This guide explains the principles of systematic reviews and offers advice on getting started with your systematic literature search.

Why Create a Protocol

A protocol is a road map for your review. It should contain detailed descriptions of your hypothesis, anticipated data sources, data extraction, appraisal tool, team responsibilities, methodology, etc. 

Creating a protocol at the beginning of a process adds to transparency and reduces bias by ensuring the review was planned ahead of time. Planning ahead increases the likelihood of adhering to the methodology and reduces the potential for HARK (Hypothesis After Results are Known). Planning ahead also helps the team anticipate challenges, develop workflow, and identify team needs well in advance.
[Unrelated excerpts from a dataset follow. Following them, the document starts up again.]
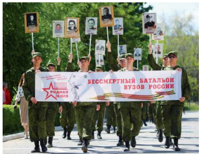
Штендеры с портретами героев пронесли студенты Института непрерывного образования, волонтеры и поисковики ВолГАУ

Преподавал в Сталинградском-Волгоградском сельскохозяйственном институте с 1953 по 2001 год. Является автором более 80 научных работ по животноводству. После выхода на пенсию возглавил Совет ветеранов Волгоградской сельскохозяй-
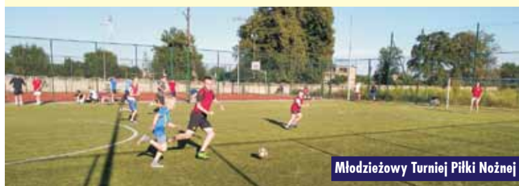
Młodzieżowy Turniej Piłki Nożnej

w tygodniu) treningi piłkarskie GKS Rychtal seniorów i junióra młodszego, treningi orlików z AP Czech (głównie dzieci z gminy) oraz zajęcia dla dzieci i młodzieży ze szkoły podstawowej w ramach SKS. W sobotnie popołudnia sympatycy piłki nożnej uczestniczyli w ligowych rozgrywkach lokalnego zespołu GKS. Swoje udział w usprawnianiu fizycznym miały również grupy niezrzeszone, trenujące systematycznie, głównie w poniedziałki, środy czwartki i piątki. Do tego dochodzą ćwiczenia na siłowni (była taka możliwość z ograniczeniami), spontaniczne gierki dzieci i młodzieży oraz częste przebywanie sporych grup na skate parku. - Pandemia koronawirusa spowodowała, że były tygodnie, w których obiekty sportowe były zamknięte dla użytkowników. Wiele inicjatyw udało się jednak zorganizować – podsumowuje P. Nasiadek. Animatorzy mają wiele kolejnych pomysłów i zapewne zrealizują je w najbliższym możliwym czasie. Oprac. KR
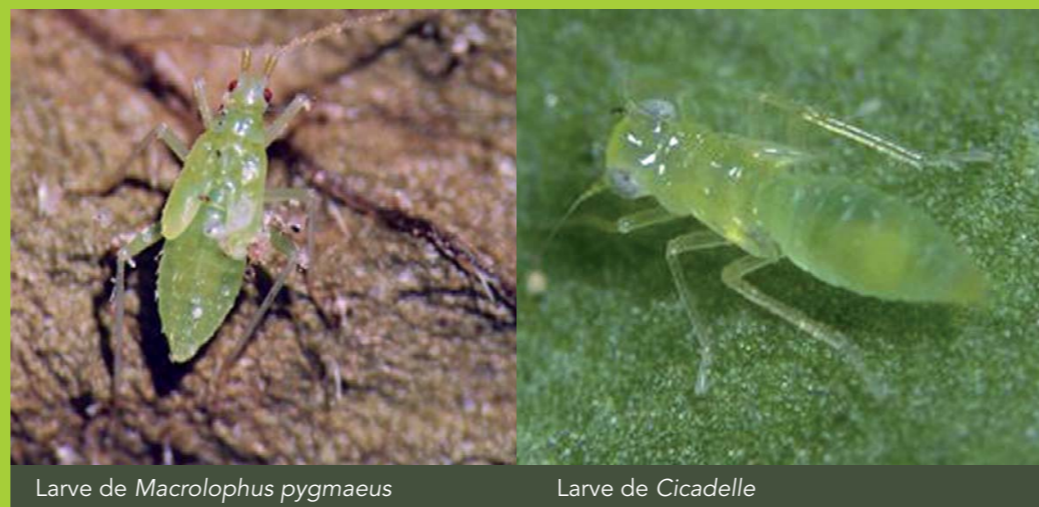
Larve de Macrolophus pygmaeus
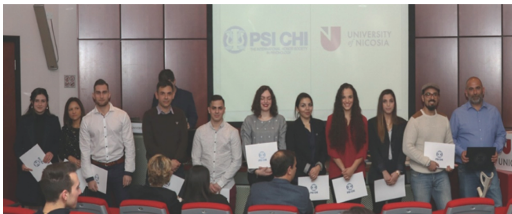
Figure 15. UNIC Installs its Psi Chi Chapter in Cyprus on January 31, 2018
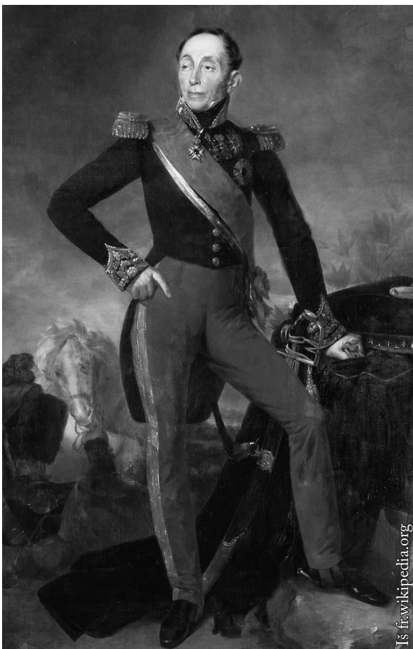
Generolas Emanuelis de Gruši

Netekęs galimybės pasipinigauti, Vredė vis tiek iškrėtė Seinams nemenką kiaulystę. Jis liepė kareiviams plėšti nuo stogų šiaudus arklių paklotui ir pjauti javus jų pašarui, nors šieno ir šiaudų atsargos buvo paruoštos iš anksto. Maža to, dar surengė dviejų dragūnų pulkų apžiūrą ir mokymus daržuose ir soduose. Po kelių valandų, kai daržovės ir pasėliai buvo ištrypti, o vaismedžiai stipriai apkapoti ir aplaužyti, Vredės dragūnai paliko Seinus. Kaip „kompensacija“ seiniškiams jų daržuose ir soduose liko kelios dešimtys nudvėsusių
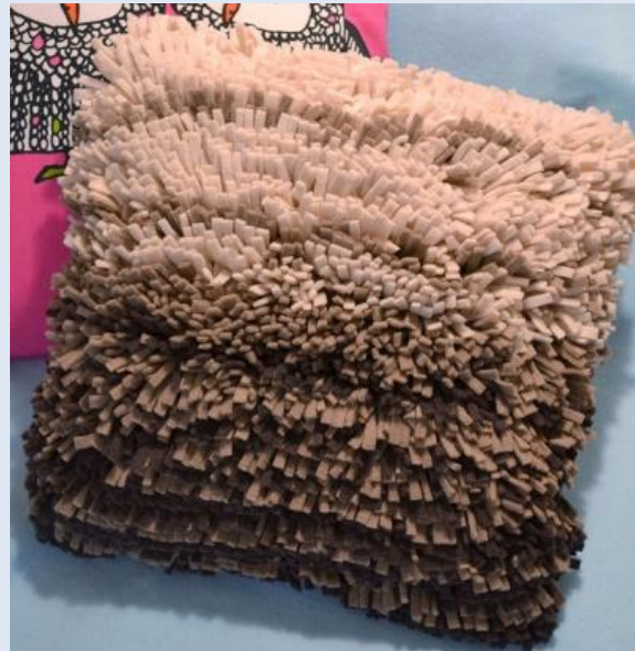
Идея 3. Подушка пушистая
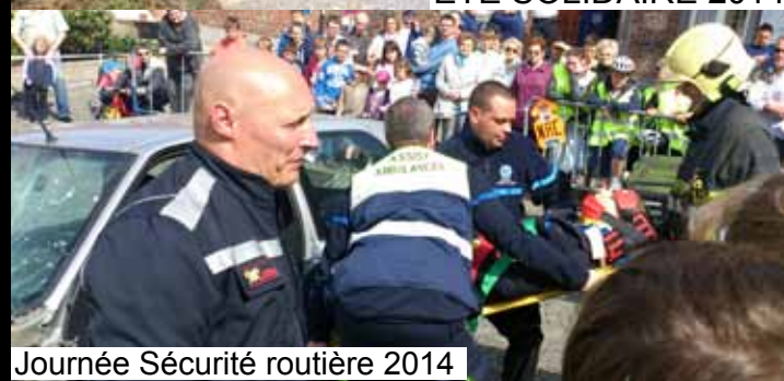
Journée Sécurité routière 2014
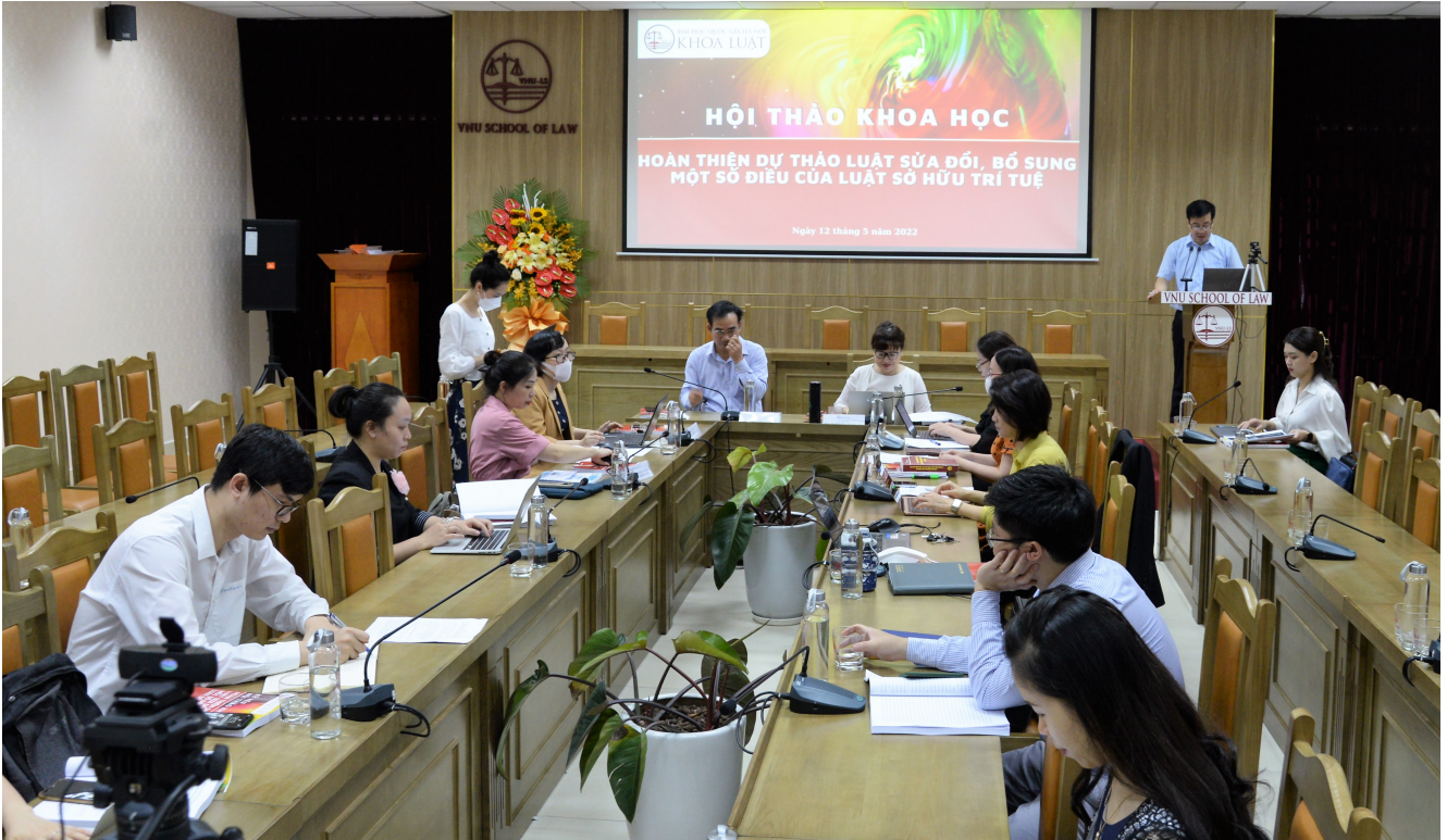
Đại biểu tham dự trực tiếp tại Hội thảo
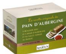
Pain d'aubergine 570g
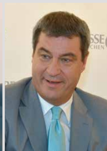
Finanz- und Heimatminister Markus Söder
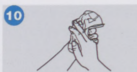
10. úgyis nagy
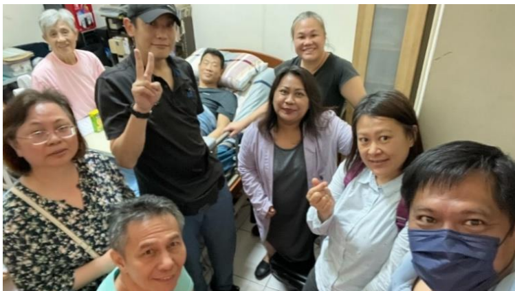
20230519 高賀子姊妹家庭禮拜
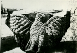
ЕДИНЦОВЪ. ЗЧЦРФУЛБ КЛЗЦА ЦРБЧР РЦЪУЦЧЛЦ VII Г. РАЗВАЛНЫ КРАМА ЗВАРТНОЦ. КАПИТЕЛЬ VII В.
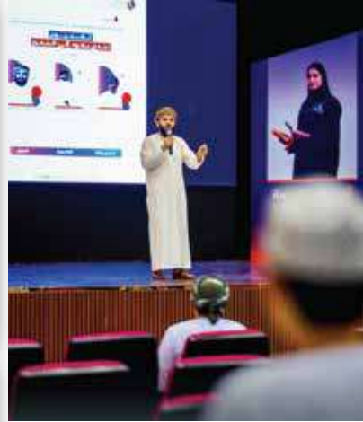
محاضرة تحفيزية بعنوان « تقنيون... تحدّ يقود إلى التميز »
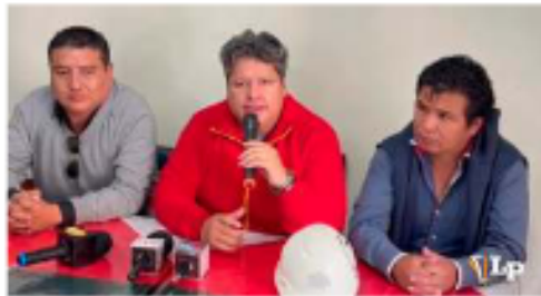
Medina (centro) reapareció tras las elecciones del 22 de marzo

Medina expresó: "hemos tenido una campaña, nosotros un poco dura, creo que hemos llegado a parámetros muy complicados en el tema de la guerra sucia". Además, lamentó que hubo una campaña en contra de su candidatura dentro de la misma alianza. Afirmó que ciertos dirigentes no respetaron el
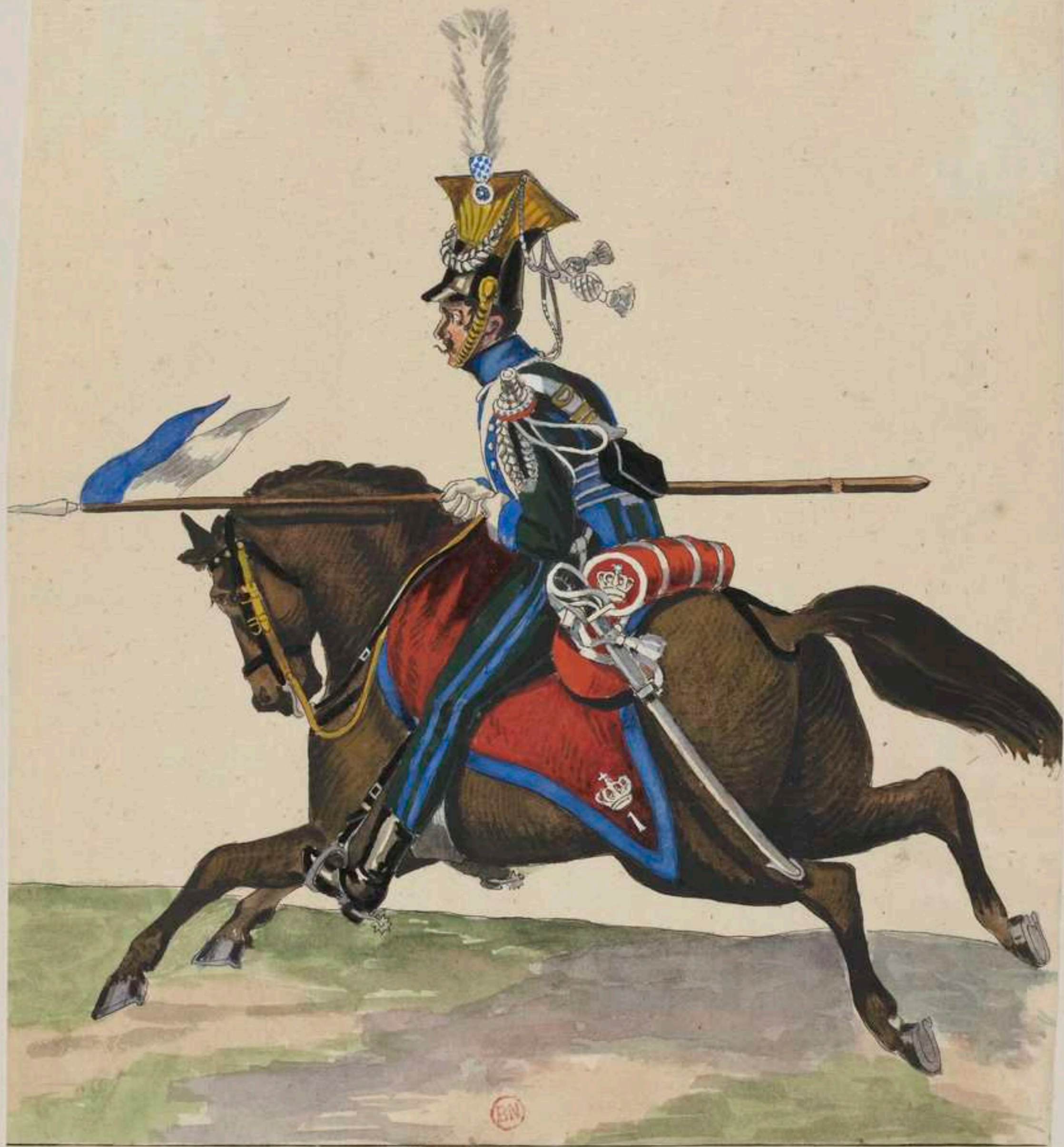
Ulan vom 1. Ulanen Regt.
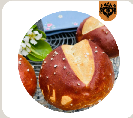
LAUGENSEMMEL Breze als Semmel.
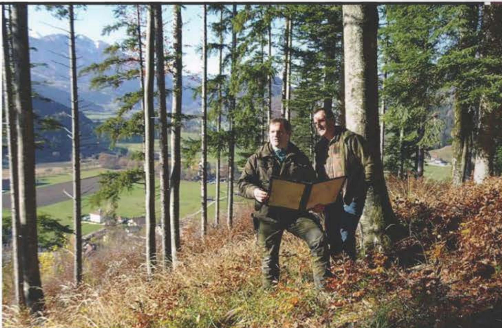
Beratung hilft bei der individuellen Lösungssuche auf der Fläche.

Mitunter sind Modellrechnungen hilfreich: In der Forstökonomie wird unterschieden zwischen der Umtriebszeit des größten Massenertrages und jener des größten Geldertrages. Schließlich gilt es, den Aspekt der Sicherheitsziele einzubeziehen wie etwa die Bedeutung der sicheren Geldanlage. Risiko ist fixer Bestandteil jeder unternehmerischen Tätigkeit. In
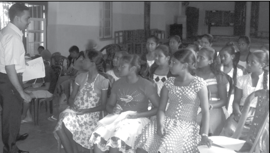
මෙයට සහභාගී වූ ශිෂ්‍ය නායක නායිකාවන් දැනුවත් කරන අයුරු.

මග්ගොන සා. මරියා දහම් පාසලේ 2013 වර්ෂය සඳහා තේරී පත්වූ සිසු නායක නායිකාවන් සඳහා වැඩමුළුවක් පසුගියද දෙවීමැදුරු ශාලාවේදී පැවැත්වුණි. මෙය මෙහෙයවනු ලැබුවේ ප්‍රේමා ප්‍රදීපය සහය සංස්කාරක දේශක, කුමර නයනපීත් මහතාය.
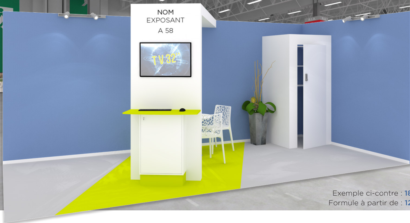
Exemple ci-contre : 18 m 2 Formule à partir de : 12 m 2
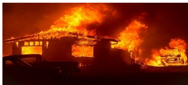
Slika 1: Požar

Ukoliko neki od navedenih uslova nije ispunjen pojava vatra neće biti moguća.
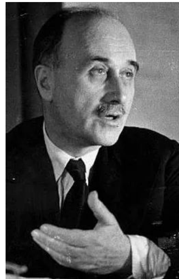
Робер Шуман, Конрад Аденауэр и Жан Монне
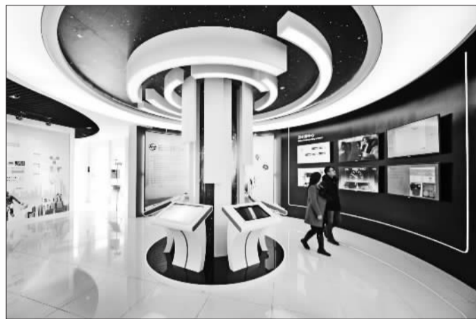
中科院计算技术研究所
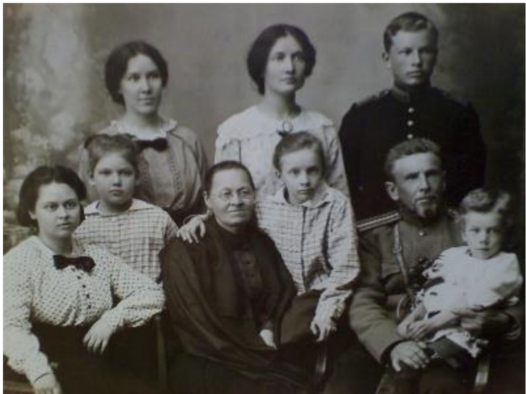
г. Санкт-Петербург
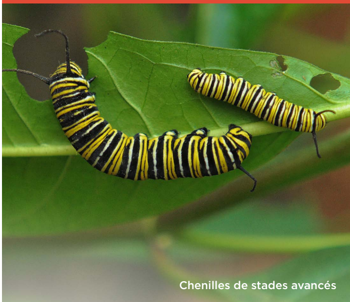
Chenilles de stades avancés
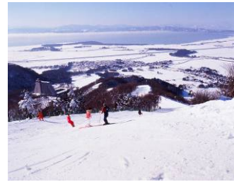
チェーンズダウンヒルコース

A protocol strengthens the review by requiring teams to clearly state their hypotheses, what new knowledge they hope to generate, and other elements such as a group's working hypothesis, inclusion/exclusion criteria, funding sources, how the team will screen data, etc. By clearly stating and adhering to the research goals and methods, protocols help teams reduce potential bias.

Apart from clearly setting expectations for the team, a well built protocol should give a team a head start on writing their manuscript, because all the things described in a protocol are also foundational parts of a systematic review. 

While it is not expected that teams conducting scoping reviews create protocols, it is useful for scoping review teams to create one for the same reasons.

Registering a protocol is important because a registered protocol can help teams avoid duplicating the exact same review question, or build the potential for collaboration between teams on similar projects.